Stored items
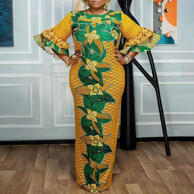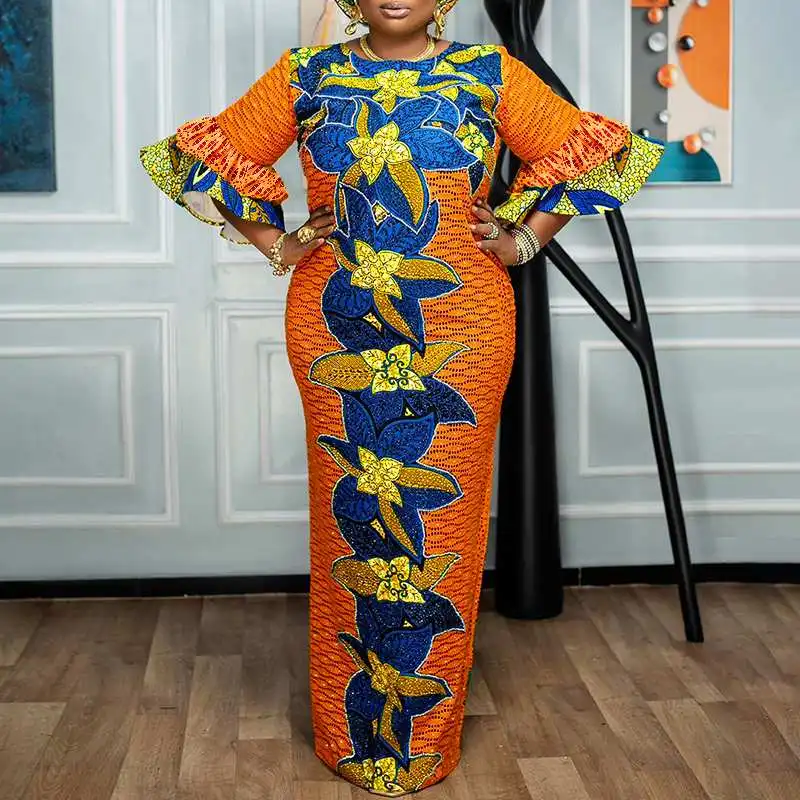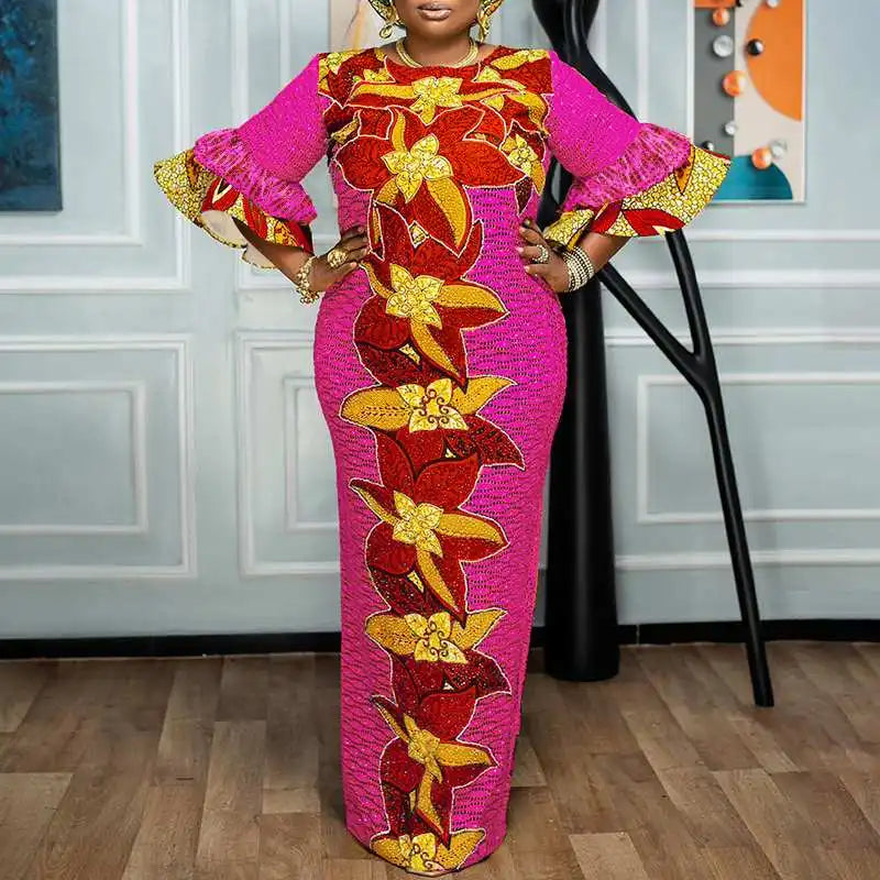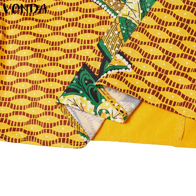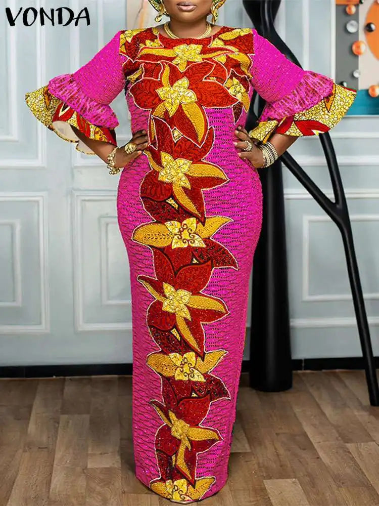 VONDA 2024 Fashion Women Elegant Maxi Dress Vintage Printed 3/4 Flare Sleeve Sundress Party Long Dress Casual Vestido Loose Robe
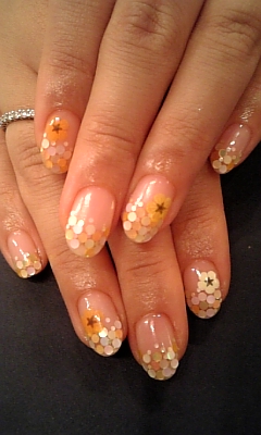 パステルホログラム☆ 最近はパステルホログラムのグラデーションが人気です! 華やかさが出てとっても可愛らしいですね〜 こちらはオレンジ系のホログラムで押花をあしらいました♪ 六角のパステルホログラムも入荷するのでアートの幅が広がりますよ〜 JUN
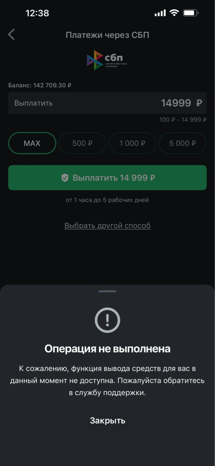 Блокировка вывода средств - верификация
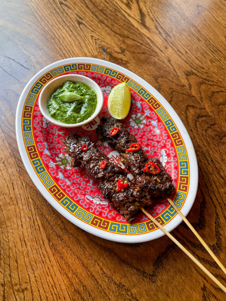This version features deeply flavoured bavette steak marinated in an earthy, aromatic spice paste, served with a sprightly sauce. The marinade is largely based on the Indonesian version but we’ve added a Malaysian influence of turmeric and lemongrass. Instant coffee is not a usual ingredient in satay, but I love the bitter complexity it brings to the marinade.
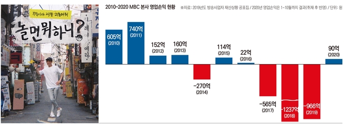 박성제 MBC 사장은 지난 1일 창사 59주년 기념사를 통해 “올해 적자가 1000억원이 넘을 수 있다는 전망이 나왔다. 올 들어 10월까지 영업손익을 따져보니 90억 흑자로 집계됐다. 지난해 같은 기간 대비 730억원 넘게 경영수지가 개선된 것”이라며 “연말에 지출해야 할 비용이 많아 올해 전체로는 흑자가 어려울 수 있다. 그러나 획기적인 성과”라고 밝혔다. MBC에 따르면 올해 1월부터 10월까지 MBC는 협찬수익 484억원을 포함한 광고수익 1739억원, 콘텐츠 유통수익 3093억원 등 총 5433억원의 영업수익을 거뒀다. 영업비용으론 5343억원을 지출해 합산결과 90억원의 영업이익을 기록한 것으로 나타났다. 2017년 -565억원, 2018년 -1237억원, 2019년 -966억원 등 최근 3년 연속 영업손실을 기록해온 터 올해 ‘깜짝 반등’을 이룬 것이다.
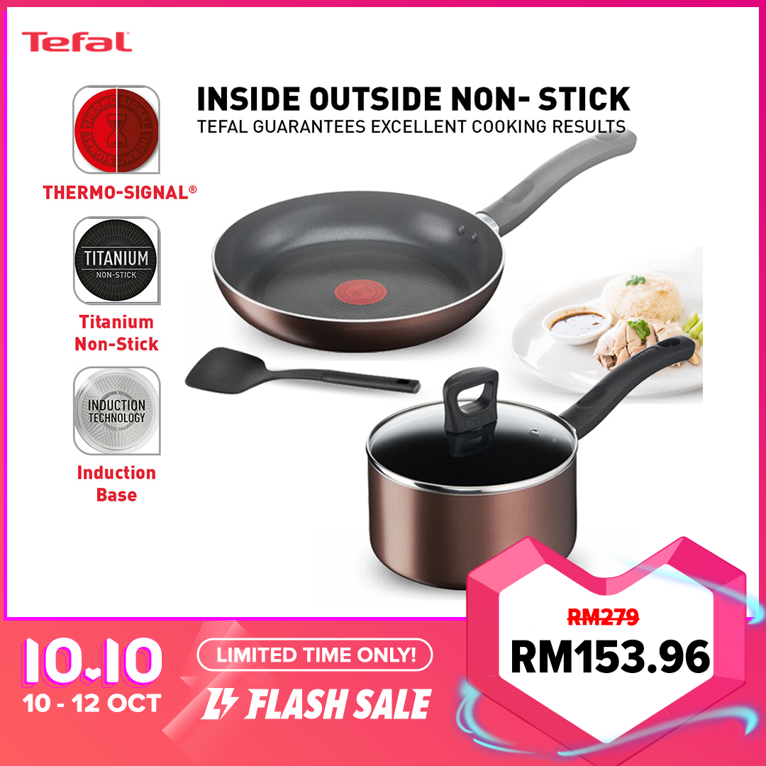 ▼ [Online Exclusive Bundle] Tefal Day by Day 4 Pcs set (G143S4) – Frypan 24cm + Saucepan 18cm + lid + Small Spatula – RM279 RM153.96
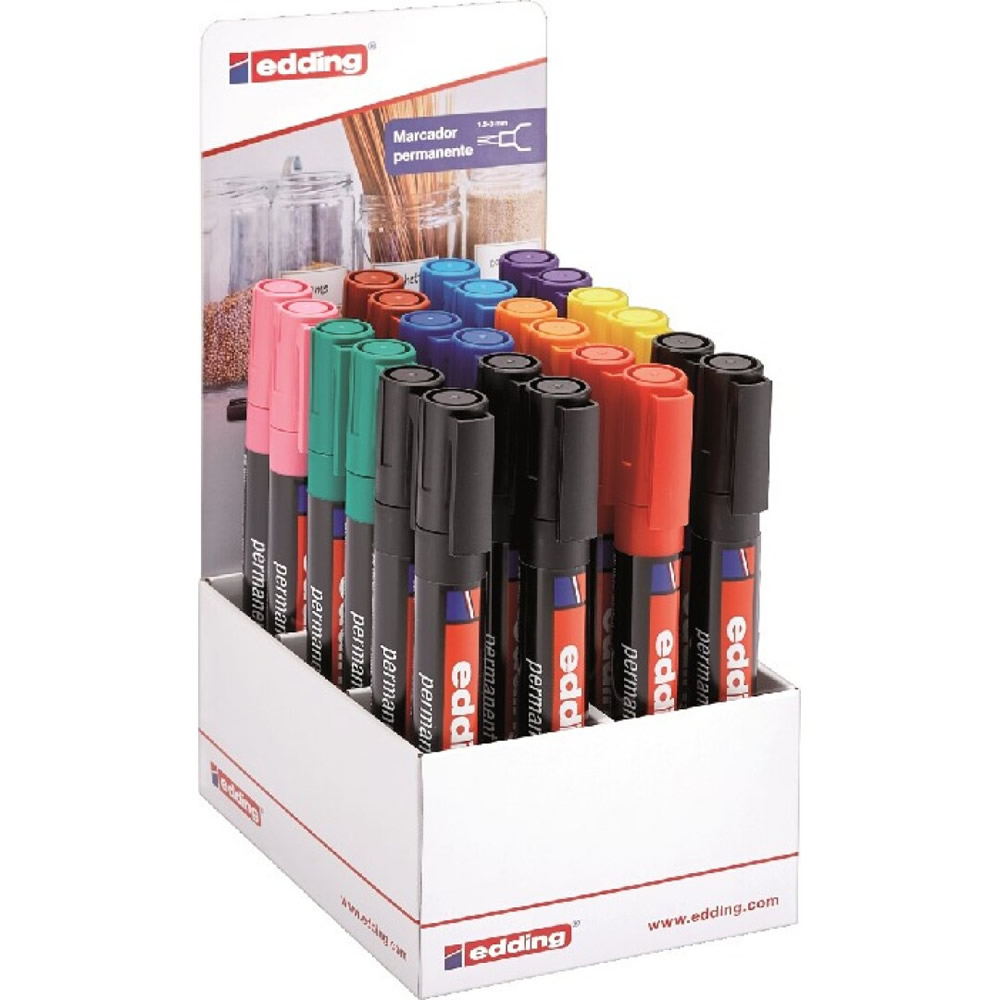 Ref. 52200-1 - Edding 300 Expositor de 24 Rotuladores Permanentes - Punta Redonda - Trazo entre 1.5 y 3mm - Tinta Casi Inodora - Capuchon con Clip - Secado Rapido - Colores Surtidos.
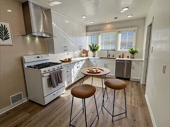 - Updated kitchen featuring tile countertops, modern cabinetry, and new stove and dishwasher.
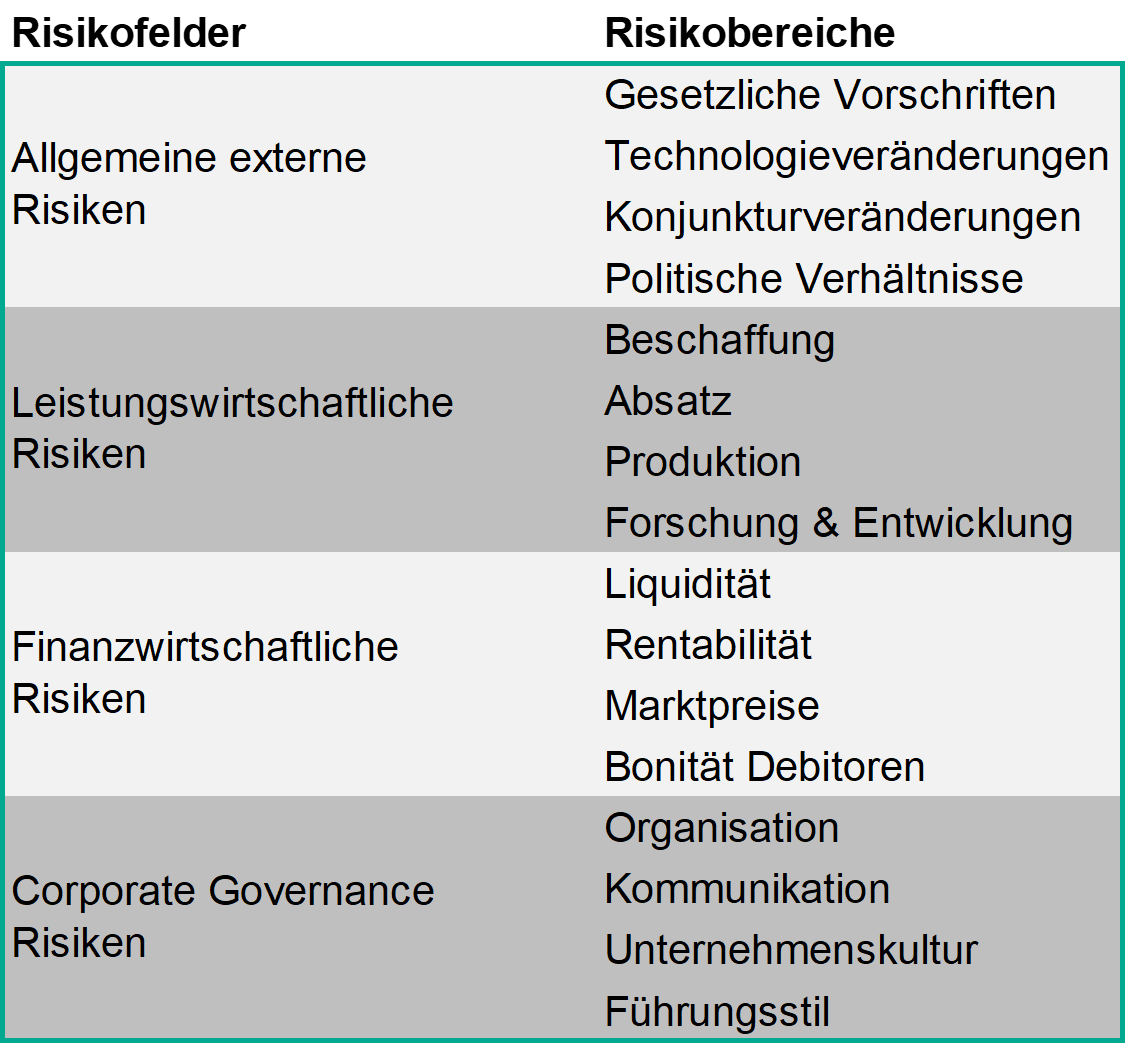 Die Krisenfrüherkennung sollte als integriertes System aufgebaut sein. Ein solches System erfordert eine methodisch fundierte Risikoidentifikation, -bewertung und -aggregation. Die Risikoidentifikation ist das Grundelement eines Frühwarnsystems und umfasst die regelmäßige und systematische Identifizierung von Risiken, die einzeln oder im Zusammenwirken mit anderen Risiken zu bestandsgefährdenden Entwicklungen führen können. Für eine vollständige Übersicht der identifizierten Risiken sollten diese in einem sogenannten Risikoinventar dokumentiert werden. Die Identifikation von Risiken sollte sich dabei nicht nur auf unternehmensinterne Bereiche beschränken, sondern auch volkswirtschaftliche und branchenspezifische Entwicklungen berücksichtigen. Eine mögliche Vorgehensweise zur Strukturierung der Risikoidentifikation ist die Bildung einer Projektgruppe, die im Rahmen von Workshops ein Risikoschema mit einzelnen Risikofeldern erarbeitet. Die Risikofelder werden dann mit den entsprechenden Organisationseinheiten tiefergehend analysiert und in Risikobereiche aufgeteilt (siehe Abbildung 1). Von entscheidender Bedeutung ist neben der Wahl geeigneter Instrumente eine Zuordnung von Verantwortlichkeiten zu den einzelnen Risikobereichen und -feldern.

● Exercise prompt: Print the lines from the one that contains "Ref. 52200-1 - Edding" through the last line of the data, exactly and in full, and no other lines. Pictures are not part of the copy.

● Your solution:
 Ref. 52200-1 - Edding 300 Expositor de 24 Rotuladores Permanentes - Punta Redonda - Trazo entre 1.5 y 3mm - Tinta Casi Inodora - Capuchon con Clip - Secado Rapido - Colores Surtidos.
 - Updated kitchen featuring tile countertops, modern cabinetry, and new stove and dishwasher.
 Die Krisenfrüherkennung sollte als integriertes System aufgebaut sein. Ein solches System erfordert eine methodisch fundierte Risikoidentifikation, -bewertung und -aggregation. Die Risikoidentifikation ist das Grundelement eines Frühwarnsystems und umfasst die regelmäßige und systematische Identifizierung von Risiken, die einzeln oder im Zusammenwirken mit anderen Risiken zu bestandsgefährdenden Entwicklungen führen können. Für eine vollständige Übersicht der identifizierten Risiken sollten diese in einem sogenannten Risikoinventar dokumentiert werden. Die Identifikation von Risiken sollte sich dabei nicht nur auf unternehmensinterne Bereiche beschränken, sondern auch volkswirtschaftliche und branchenspezifische Entwicklungen berücksichtigen. Eine mögliche Vorgehensweise zur Strukturierung der Risikoidentifikation ist die Bildung einer Projektgruppe, die im Rahmen von Workshops ein Risikoschema mit einzelnen Risikofeldern erarbeitet. Die Risikofelder werden dann mit den entsprechenden Organisationseinheiten tiefergehend analysiert und in Risikobereiche aufgeteilt (siehe Abbildung 1). Von entscheidender Bedeutung ist neben der Wahl geeigneter Instrumente eine Zuordnung von Verantwortlichkeiten zu den einzelnen Risikobereichen und -feldern.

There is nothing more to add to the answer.